Following table summarizes the results:
| Model No. | Trainable Params | Epochs | Train Acc | Train Loss | Valid Acc | Valid Loss | Test Acc | Test Loss | Wall Time |
|---|---|---|---|---|---|---|---|---|---|
| 1.1 | 83,975 | 10 | 0.9690 | 0.1017 | 0.9675 | 0.1363 | 0.9671 | 0.1276 | 9.2s |
| 1.2 | 76,039 | 15 | 0.9885 | 0.0437 | 0.9712 | 0.1214 | 0.9710 | 0.1055 | 12.9s |
| 2.1 | 8,775 | 50 | 0.9604 | 0.1161 | 0.9420 | 0.1941 | 0.9406 | 0.2205 | 36.8s |
| 2.2 | 8,775 | 30 | 0.9661 | 0.1063 | 0.9564 | 0.1215 | 0.9562 | 0.1206 | 22.1s |
| 3.1 | 76,695 | 20 | 0.9677 | 0.0901 | 0.9658 | 0.3097 | 0.9617 | 0.3599 | 5m31s |
| 3.2 | 77,799 | 20 | 0.9654 | 0.1004 | 0.9672 | 0.1602 | 0.9632 | 0.2153 | 7m29s |
| 3.3 | 76,159 | 25 | 0.9549 | 0.1240 | 0.9447 | 0.3509 | 0.9499 | 0.3423 | 11m29s |
| 4 | - | 5 | 0.9885 | 0.0437 | 0.9712 | 0.1214 | 0.9757 | 0.1063 | 2m33s |
Overall, model 4, or the BERT model, provides the best performance. However, it has quite broad requirements. With fewer parameters, Model 1.2 produces performance that is nearly identical.
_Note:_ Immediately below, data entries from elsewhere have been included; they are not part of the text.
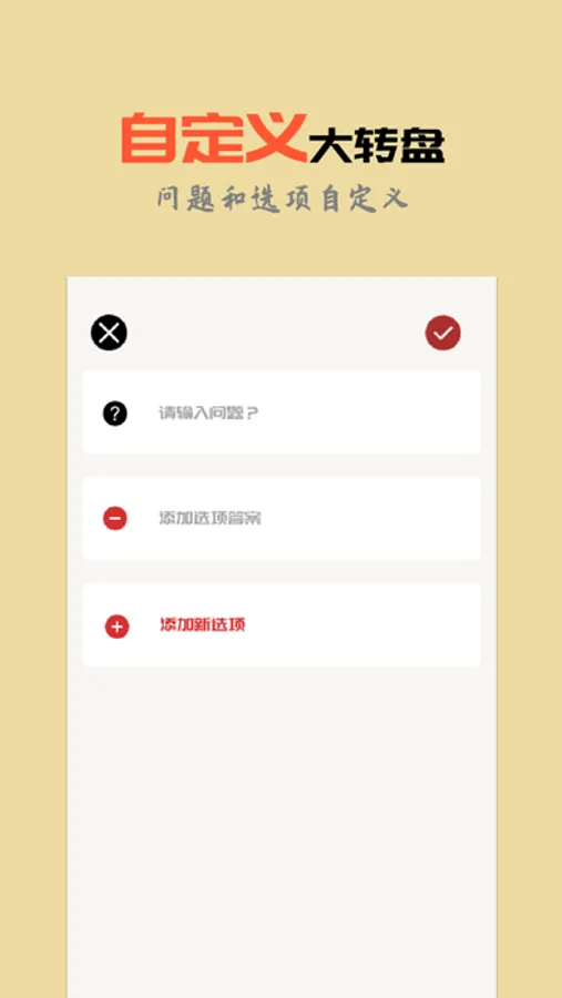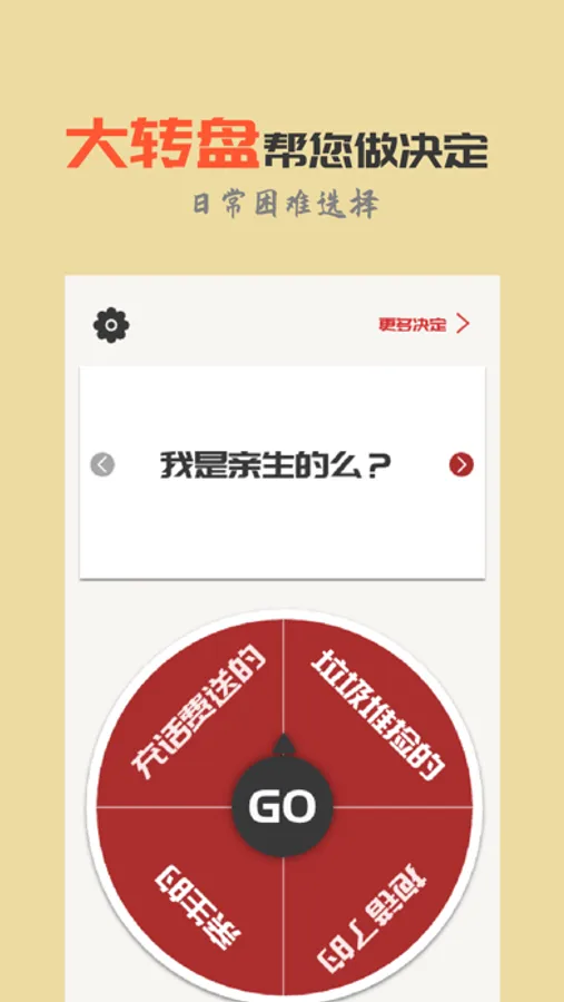 做个决定一个用来帮助你快速做决定的应用。输入你纠结的问题,添加或者导入所有的选项,用转盘来快速决定!
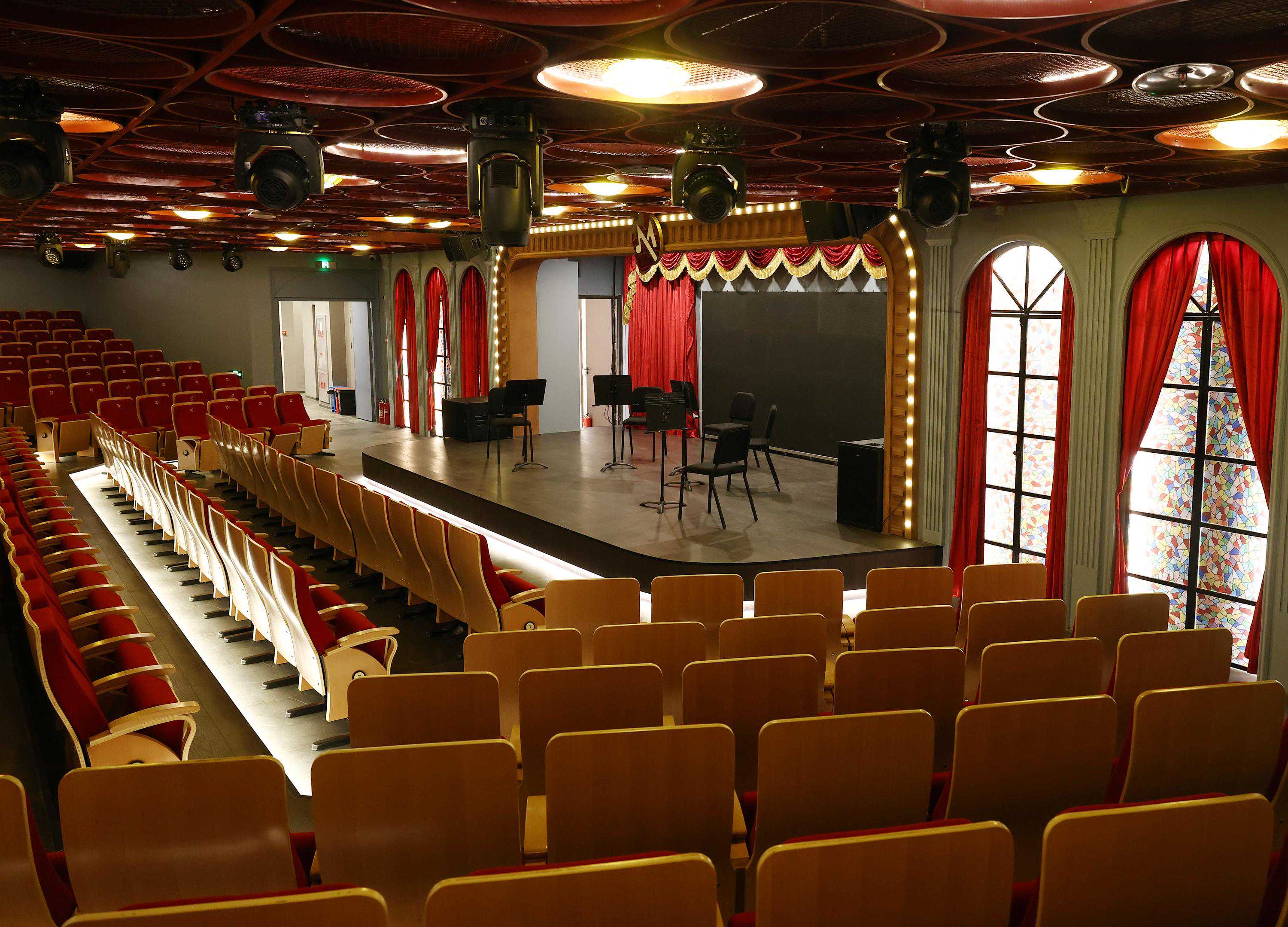 常营·爱乐汇艺术空间城市演奏厅内景,舞台为木制八音盒形态。
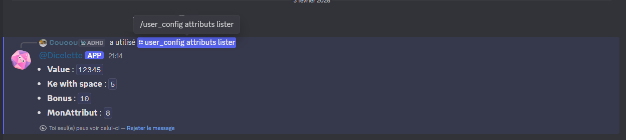 /user_config attributs lister
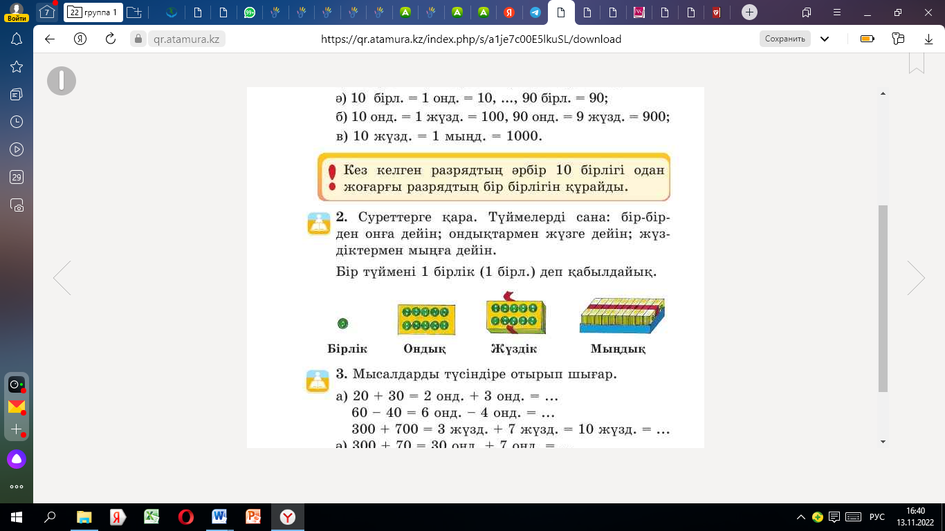 2.1.1.4. Санаудың ірі бірлігі жүздікті құрастыру, 1000-ға дейін жүздіктермен санау, жазу, салыстыру. 2.1.2.5 біртаңбалы сандарды ондықтан аттап қосу және азайту/300+200 (3жүзд.+2жүзд.), 170-130 (17онд.-13онд.) түрінде ауызша қосу және азайтуды орындау. |
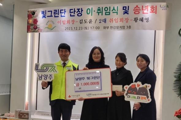 [한국뉴스타임=편집국] 남양주 빛그린단은 지난 23일 연말을 맞아 독거노인, 한부모가정 등 취약계층을 위해 단원들이 모금한 성금 100만원과 70만원 상당의 종합건강검진우대권을 평내동 지역사회보장협의체에 지정 기탁했다.
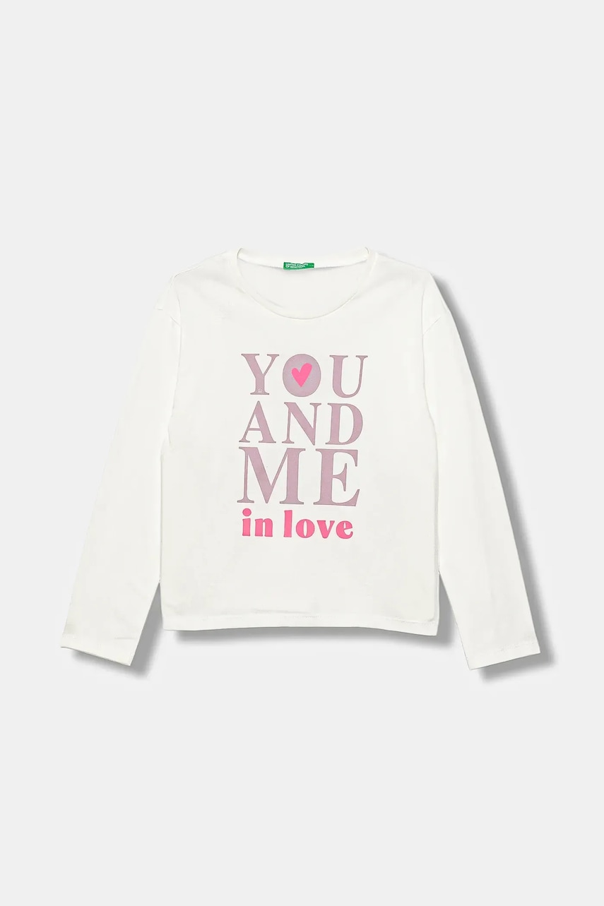 United Colors of Benetton longsleeve din bumbac pentru copii culoarea alb, 3JERC10QM face parte din categoria Fete Îmbrăcăminte de la brandul United Colors of Benetton.
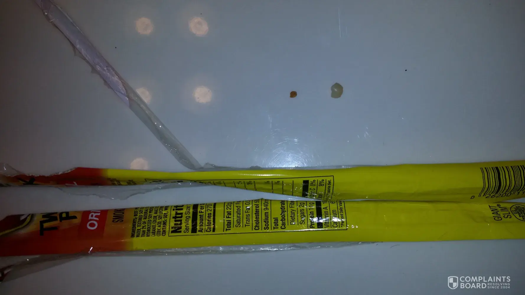 Bought a slim jim at gas station and was eating and bit into it and something hard and plastic was in it. It was also sharp.
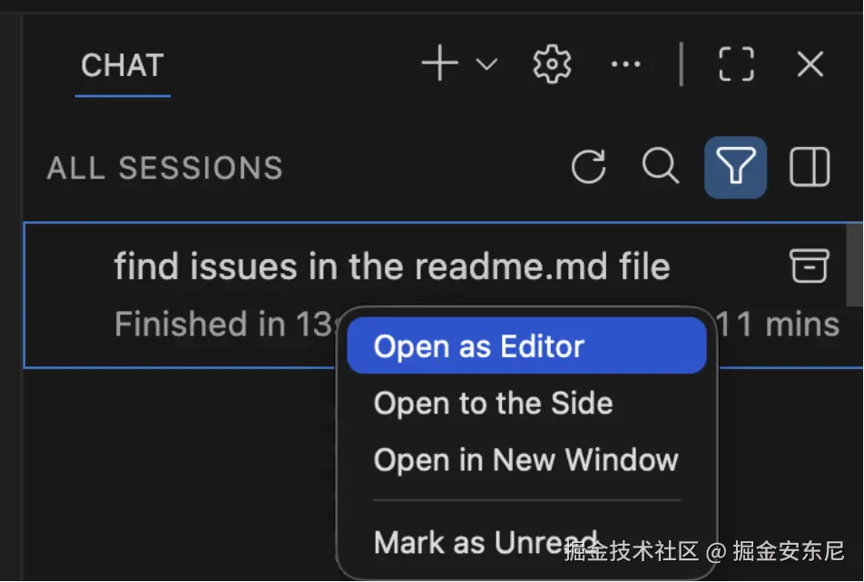 点击会话后,它会在侧边栏的 Chat 视图中打开,展示完整的对话历史。你也可以将会话作为编辑器标签页或在新窗口中打开。右键会话即可看到这些选项。
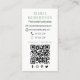 This design features a simple business card template with a modern professional simple minimalist look, minimal elegant social media icons, a trendy plain scannable QR code, a chic digital contact, a phone email cell website icon, a simple black and white, elegantly minimalist design stylish, photo or graphic template, contemporary clean modern style, with tropical botanical green palm leaves foliage
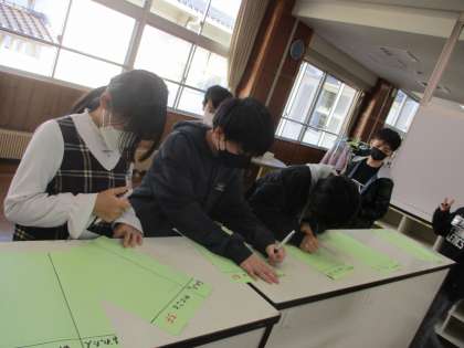 今日の算数科では、対策プリントをテスト形式で取り組み、自己採点しました。その中で、気付いたことや学んだことをファミリ−の振り返りシートに寄せ書き形式で書いていきました。仲間の振り返りからも学ぶことがあったようでした。その後、難問にチャレンジし、力を高めていました。

├── Data Files # Data files
└── ...
├── Models # Saved models
└── ...
├── Other Files # Miscellaneous files
└── ...
├── 1_data_analysis # Data Analysis file
├── 2_topic_modelling # Topic Modelling file
├── 3_mlp_intEncoding # MLP Classifier (with int encoding) file
├── 4_mlp_gloveEmbedding # MLP Classifier (with glove embedding) file
├── 5_lstm # LSTM Classifier (vanilla, stacked, bidirectional) file
├── 6_smallBert # smallBert Classifier file
- Language: Python
- Libraries: Tensorflow, Keras, Tensorflow-Hub, Scikit-Learn, Gensim, NLTK, Spacy, PyLDAviz, Re, WordCloud, Matplotlib, Seaborn, Numpy, Pandas.
Notebooks can be run directly on google colab (make sure to upload required .py files in working directory if required).
The codebase has been meticulously documented, incorporating comprehensive docstrings and comments. Please review these annotations, as they provide valuable insights into the functionality and operation of the code.